::: Available data
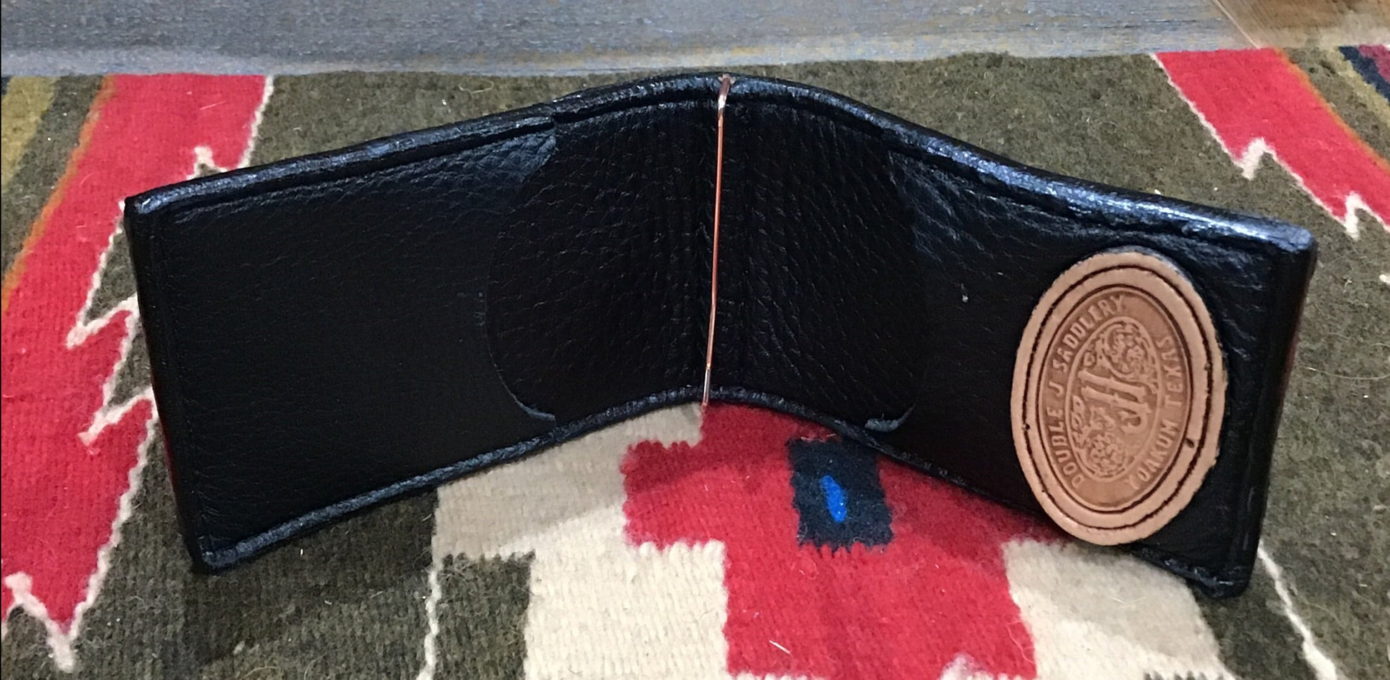 This Double J Saddlery money clip is made from genuine ostrich leather. Once opened sports two pockets for your credit cards and others. The middle then sports your clip for your cash. MC35
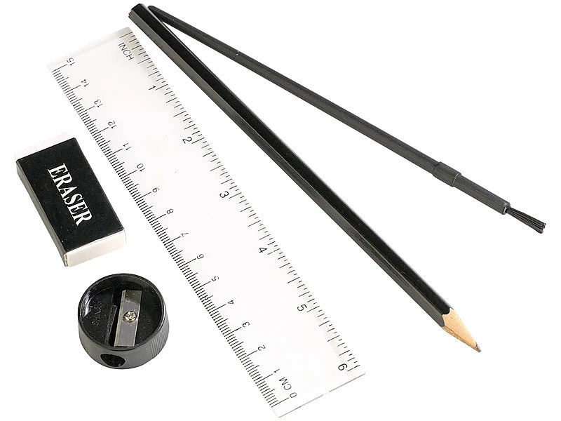 - Accessoires : Règle 15 cm, crayon, pinceau, blanc opaque, gomme, taille-crayon
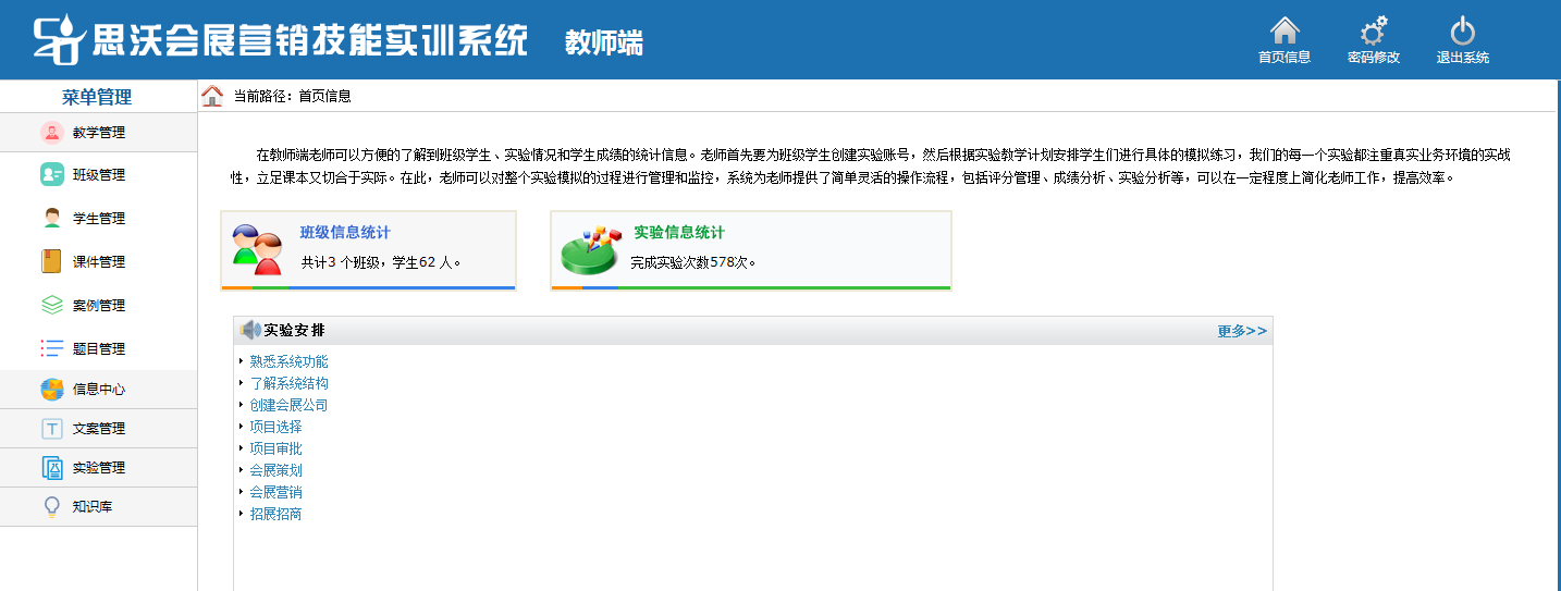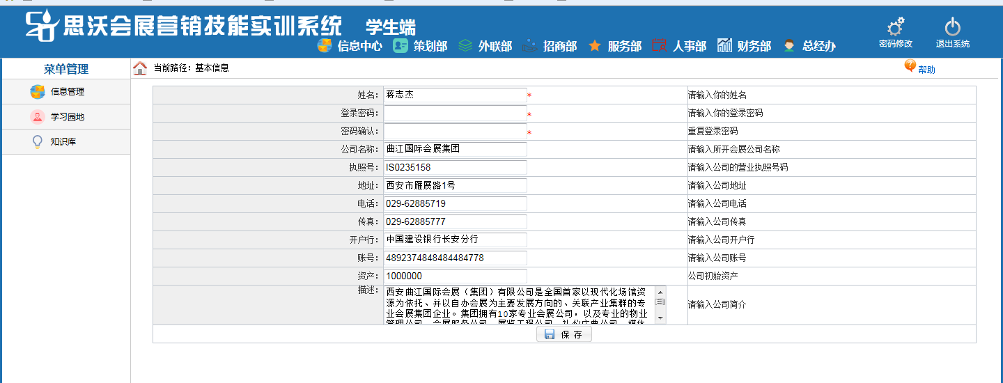 思沃(wo)會(hui)展(zhan)(zhan)(zhan)(zhan)營銷模(mo)擬(ni)實(shi)(shi)訓系統以模(mo)擬(ni)會(hui)展(zhan)(zhan)(zhan)(zhan)公(gong)司的(de)策(ce)劃(hua)部(bu)(bu)、外聯(lian)部(bu)(bu)、招(zhao)商部(bu)(bu)、會(hui)展(zhan)(zhan)(zhan)(zhan)服務(wu)部(bu)(bu)、人(ren)事(shi)部(bu)(bu)、財務(wu)部(bu)(bu)以及總經(jing)辦7大(da)業(ye)務(wu)部(bu)(bu)門為基礎(chu)而展(zhan)(zhan)(zhan)(zhan)開實(shi)(shi)驗(yan)操(cao)作(zuo)的(de)。該(gai)教(jiao)學(xue)(xue)平(ping)臺軟件業(ye)務(wu)內(nei)容(rong)包括了(le):項目上報審批、項目的(de)策(ce)劃(hua)安排、服務(wu)商管理(li)、人(ren)事(shi)招(zhao)聘與管理(li)、會(hui)展(zhan)(zhan)(zhan)(zhan)的(de)現(xian)場(chang)服務(wu)與合同管理(li)等等,讓學(xue)(xue)生通過實(shi)(shi)驗(yan)感(gan)受會(hui)展(zhan)(zhan)(zhan)(zhan)項目的(de)系統化管理(li)流程(cheng)與業(ye)務(wu)操(cao)作(zuo)內(nei)容(rong),不但(dan)能夠(gou)了(le)解會(hui)展(zhan)(zhan)(zhan)(zhan)項目從立項審批到策(ce)劃(hua)、宣傳(chuan)、招(zhao)展(zhan)(zhan)(zhan)(zhan)招(zhao)商、現(xian)場(chang)服務(wu)以及會(hui)后總結各個(ge)(ge)環節的(de)業(ye)務(wu),同時還可以掌(zhang)握各種文案的(de)寫作(zuo)技巧,從而讓學(xue)(xue)生真正(zheng)的(de)理(li)解并掌(zhang)握會(hui)展(zhan)(zhan)(zhan)(zhan)這一行業(ye)的(de)各種知(zhi)識與業(ye)務(wu)要求(qiu)。為學(xue)(xue)生以后的(de)工(gong)作(zuo)、學(xue)(xue)習提(ti)供了(le)一個(ge)(ge)實(shi)(shi)戰演練的(de)實(shi)(shi)訓平(ping)臺,增強了(le)學(xue)(xue)生進入工(gong)作(zuo)崗位后的(de)實(shi)(shi)力。
::::::
Your instructions: With the pictures set aside, write out the whole listing exactly.

Answer to this exercise:
 This Double J Saddlery money clip is made from genuine ostrich leather. Once opened sports two pockets for your credit cards and others. The middle then sports your clip for your cash. MC35
 - Accessoires : Règle 15 cm, crayon, pinceau, blanc opaque, gomme, taille-crayon
 思沃(wo)會(hui)展(zhan)(zhan)(zhan)(zhan)營銷模(mo)擬(ni)實(shi)(shi)訓系統以模(mo)擬(ni)會(hui)展(zhan)(zhan)(zhan)(zhan)公(gong)司的(de)策(ce)劃(hua)部(bu)(bu)、外聯(lian)部(bu)(bu)、招(zhao)商部(bu)(bu)、會(hui)展(zhan)(zhan)(zhan)(zhan)服務(wu)部(bu)(bu)、人(ren)事(shi)部(bu)(bu)、財務(wu)部(bu)(bu)以及總經(jing)辦7大(da)業(ye)務(wu)部(bu)(bu)門為基礎(chu)而展(zhan)(zhan)(zhan)(zhan)開實(shi)(shi)驗(yan)操(cao)作(zuo)的(de)。該(gai)教(jiao)學(xue)(xue)平(ping)臺軟件業(ye)務(wu)內(nei)容(rong)包括了(le):項目上報審批、項目的(de)策(ce)劃(hua)安排、服務(wu)商管理(li)、人(ren)事(shi)招(zhao)聘與管理(li)、會(hui)展(zhan)(zhan)(zhan)(zhan)的(de)現(xian)場(chang)服務(wu)與合同管理(li)等等,讓學(xue)(xue)生通過實(shi)(shi)驗(yan)感(gan)受會(hui)展(zhan)(zhan)(zhan)(zhan)項目的(de)系統化管理(li)流程(cheng)與業(ye)務(wu)操(cao)作(zuo)內(nei)容(rong),不但(dan)能夠(gou)了(le)解會(hui)展(zhan)(zhan)(zhan)(zhan)項目從立項審批到策(ce)劃(hua)、宣傳(chuan)、招(zhao)展(zhan)(zhan)(zhan)(zhan)招(zhao)商、現(xian)場(chang)服務(wu)以及會(hui)后總結各個(ge)(ge)環節的(de)業(ye)務(wu),同時還可以掌(zhang)握各種文案的(de)寫作(zuo)技巧,從而讓學(xue)(xue)生真正(zheng)的(de)理(li)解并掌(zhang)握會(hui)展(zhan)(zhan)(zhan)(zhan)這一行業(ye)的(de)各種知(zhi)識與業(ye)務(wu)要求(qiu)。為學(xue)(xue)生以后的(de)工(gong)作(zuo)、學(xue)(xue)習提(ti)供了(le)一個(ge)(ge)實(shi)(shi)戰演練的(de)實(shi)(shi)訓平(ping)臺,增強了(le)學(xue)(xue)生進入工(gong)作(zuo)崗位后的(de)實(shi)(shi)力。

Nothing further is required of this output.